Gül'ün karara sevinmediği ortada, kararın kendisini değilse bile etkilerini 'Türkiye'ye zaman kaybettirici bir gelişme' olarak değerlendirdiği de jest ve mimiklerinden anlaşılıyor. Kaldı ki Cumhurbaşkanı'nın mahkemece iptal edilen düzenlemeyi ne kadar benimsediği, türbana serbestiyetin yolunun Anayasa'yı değiştirmek olup olma-dığını onaylayıp onaylamadığı da belli değil. Hatırlayan çıkacaktır, Gül değişiklikleri imzalamak için epey bekledi, imzaladığında da bir duyuru yapma gereği hissetti. Ama bütün bunlar geçmişte kaldı, şimdi başka bir gerçeklikle karşı karşıyayız: Gül susuyor, Başbakan Erdoğan susuyor, partisi susuyor.

Neden?
Cumartesi günü Radikal'in manşeti 'ürküten sessizlik'ti. Gerçekten de ürkütücü, çünkü Anayasa Mahkemesi kararı, bir anlamda Türkiye'de rejimin eskisi gibi olmayacağının kararı. En basitinden, artık Anayasa değişikliği için mahkemenin onayı aranacak yani Meclis'in esasen çok sık kullanmaması gereken bir yetkisi kısıtlandı.

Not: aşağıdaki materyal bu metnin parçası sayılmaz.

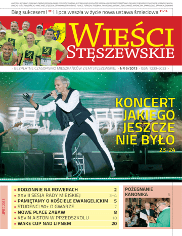 ANTONIN, BĘDLEWO, DĘBIENKO, DĘBNO, DROGOSŁAWIEC, DROŻDŻYCE, GÓRKA, JEZIORKI, KRĄPLEWO, ŁÓDŹ, MIROSŁAWKI, MODRZE, SMĘTÓWKO, PIEKARY, RYBOJEDZKO, SAPOWICE, SKRZYNKI, SŁUPIA, SROCKO MAŁE PGR, SROCKO MAŁE WIEŚ, STĘSZEW, STRYKOWO, STRYKÓWKO, TOMICE, TOMICZKI, TRZEBAW, TWARDOWO, WITOBEL, WIELKAWIEŚ, WRONCZYN, ZAMYSŁOWO, ZAPARCIN, ŻYDOWO Bieg sukcesem! 22 1 lipca weszła w życie nowa ustawa śmieciowa 11-14 > BEZPŁATNE CZASOPISMO MIESZKAŃCÓW ZIEMI STĘSZEWSKIEJ > NR 6/2013 > ISSN 1233-6033 > KONCERT JAKIEGO JESZCZE NIE BYŁO LIPIEC 2013 23-24 • RODZINNIE NA ROWERACH 2 • XXVIII SESJA RADY MIEJSKIEJ 3–4 • PAMIĘTAMY O KOŚCIELE EWANGELICKIM 5 • STUDENCI 50+ O GWARZE 7 • NOWE PLACE ZABAW 8 • KEVIN AISTON W PRZEDSZKOLU 10 • WAKE CUP NAD LIPNEM 20 POŻEGNANIE KANONIKA 5 2 TURYSTYKA Rodzinnie na rowerach 2 czerwca odbył się Rodzinny Rajd Rowerowy do Jezior. Organizatorem jego był burmistrz gminy Stęszew czestnicy rajdu wyruszyli o godzinie 10 ze Stacji Turystycznej w Stęszewie ul. Poznańską, Mosińską, następnie wzdłuż Jeziora Witobelskiego, przez Górkę do Siedziby WPN–u w Jeziorach. Tam czekało na rowerzystów wiele atrakcji, m.in. NR 6 / 2013 LIPIEC 2013 U pieczenie kiełbasek przy ognisku oraz wizyta w muzeum przyrodniczym. Nie brakowało również atrakcji dla dzieci, jak np. malowanie twarzy, modelowanie balonów, łowienie rybek czy też kręcenie talerzy. Po krótkim odpoczynku i dobrej zaba- wie rowerzyści wrócili do Stęszewa. Ponad 120 uczestników niedzielnego rajdu miało do pokonania łącznie ok. 25 km. Pomimo iż trasa rajdu nie należała do najłatwiejszych, kolarze z niecierpliwością oczekują już na kolejny stęszewski rajd. RED Z OBRAD SESJI 3 XXVIII Sesja Rady Miejskiej Gminy Stęszew Podczas XXVIII Sesji, Rada Miejska Gminy Stęszew udzieliła burmistrzowi Włodzimierzowi Pinczakowi absolutorium z tytułu wykonania budżetu 5 w Szachach. Gmina ma silną grupę szachistów, która ściągnęła na te mistrzostwa graczy z ościennych miejscowości. Burmistrz poinformował, że w minionym czasie odbył się mecz KS Lipno Stęszew z KS Dyskobolia Grodzisk Wlkp., podczas którego grodziscy „kibice” zachowywali się w nienależyty sposób. W sprawie meczu odbyły się liczne spotkania z władzami klubu oraz komendantem policji. Włodarz gminy podziękował komendantowi policji w Stęszewie za szybką i skuteczną interwencję podczas tego meczu, wyjaśnił również, że on jako burmistrz nie ma żadnych możliwości prawnych ani fizycznych, by reagować podczas organizacji meczu o podwyższonym ryzyku. Jest mi niezmiernie przykro, że stęszewski klub tego nie rozumie i gra nie fair mówiąc, że burmistrz celowo nie pomógł – tłumaczył włodarz gminy. W ostatnim czasie na dość uczęszczanej drodze, w samo południe zginęły włazy od studzienek kanalizacyjnych, co stanowi bardzo duże zagrożenie dla samochodów i pieszych. Ustalono już sprawców kradzieży dzięki współpracy wykonawcy robót z policją. Gospodarz gminy uczulił, aby w tego typu sytuacjach spisywać numery pojazdów, zainteresować się sprawą, bo to nie tylko wartość złomu, czy włazów, ale czasami jest to zdrowie i życie ludzkie. Na zakończenie sprawozdania, burmistrz odniósł się do spraw odpadowych. Poinformował, że 1 lipca br. wejdzie w życie nowa ustawa. Jesteśmy po przetargu, została wybrana firma, która będzie odbierać od nas odpady. Postawiono bardzo niską cenę, w związku z tym mogą pojawić się problemy z jakością świadczonych usług. Jednakże przetarg został ogłoszony na pół roku, wobec tego po tym okresie będzie ewentualnie możliwość zmiany operatora, również w drodze przetargu. Analizując sytuację na terenie Związku Selekt można zaobserwować, że nastąpił podział rynku wśród kilku największych operatorów śmieciowych. Małe czy też gminne spółki tych przetargów nie wygrały. Zaproponowane ceny są tak rażąco niskie, że nie pokrywają kosztów, które są wyliczane czy to w związku, czy to w gminach, czy w zakładach komunalnych. Pozostało nam LIPIEC 2013 regionu WPN i Centrum Zagospodarowania Odpadów Selekt. Wtedy też odbyły się przetargi na wybór firmy odbierającej odpady. Nowy system gospodarowania odpadami zaczął obwiązywać od 1 lipca br. Terminy przetargów są bardzo długie, ze względu na to, że są to przetargi unijne. Powoduje to szereg uciążliwości. Jeśli chodzi o sektor, w którym jest gmina Stęszew, przetarg został rozstrzygnięty. Wygrała go firma TEW z Kiełcza. 18 maja na plaży strykowskiej odbyła się impreza z okazji Dnia Samorządowca dla wszystkich mieszkańców gminy, połączona z otwarciem sezonu ośrodka Feniks w Strykowie. 22 maja w Tomiczkach mieszkańcy gminy Stęszew świętowali Dzień Matki i Ojca, podczas którego zespół „Wesoła Gromada” obchodził 20–lecie pracy artystycznej. 10 maja w Słupi odbyła się uroczysta msza podczas której poświęcono sztandar Kółka Rolniczego w Słupi. Po mszy, wszyscy członkowie gminnych kółek rolniczych spotkali się z posłem do Parlamentu Europejskiego – Andrzejem Grzybem. W maju zorganizowano również dwa rajdy rowerowe do źródełka w Żarnowcu oraz siedziby WPN-u do Jezior, które cieszyły się dużą frekwencją. Miniony okres to czas wielu jubileuszy m.in. z okazji 550–lecia kościoła i parafii Tomice. 25 maja odbyła się kolejna edycja ogólnopolskiej akcji Cała Polska Biega. Wzięli w niej udział uczniowie naszych gminnych szkół, a także dorośli z całego terenu gminy – mówił burmistrz. Tego samego dnia odbyło się także Walne Zgromadzenie Związku Emerytów, Rencistów i Inwalidów. Podczas zgromadzenia Janusz Minkisiewicz wieloletni prezes koła, zrezygnował z pełnienia funkcji. Nowym prezesem został wybrany Jerzy Pieszak. 2 czerwca w Drożdżycach otwarto teren rekreacyjny, który był przygotowywany przez mieszkańców tej miejscowości

Efendim karar siyasi midir, Anayasa Mahkemesi yetkisini aşmış mıdır? Bu tartışmaları çok anlamlı bulmadığımı söylemeliyim. Diyelim ki mahkeme yetkisini aştı, kime şikâyet edeceksiniz?

Kaldı ki ben, yetki aşımı olduğunu düşünmüyorum ama kararı da eleştiriyorum.

Eğer Anayasanızda değiştirilmesi teklif dahi edilemez maddeler varsa, Anayasa Mahkemesi'nin bu maddeleri koruma hakkı da vardır! Bu hakkı teslim edelim, sonra devam edelim: Ben, yapılan değişikliklerin laiklik ilkesini örselediği kanısında değilim, dolayısıyla mahkemenin verdiği kararı haksız buluyorum.

Mahkeme karar için iki ayrı oylama yapmış olmalı. Birinci oylamada, teklif yasağının şekil denetiminin konusu olup olmayacağı tartışılmış olmalı. Bu oylamadaki oy dağılımını bilmiyoruz. Ama belli ki değiştirilmesi teklif edilemez maddeleri dolaylı yoldan değiştirme girişimleri şekil denetimi kapsamına alınmış. Sonra ikinci oylama yapılmış ve yapılan değişikliğin değiştirilmesi teklif edilemeyen ilkelerden herhangi birini değiştirip değiştirmediği konuşulmuş.

Burada sonuçun 9-2 olduğu haberi sızdı.
Suskunluğun nedeni bu inceliklerde gizli olabilir. Yani, mahkemeyi nereye şikâyet edeceksiniz? Siyasiler ancak halka şikâyet edebilirler. Bunu yapmak Türkiye için ve kapatma davası süren Adalet ve Kalkınma Partisi için doğru olur mu?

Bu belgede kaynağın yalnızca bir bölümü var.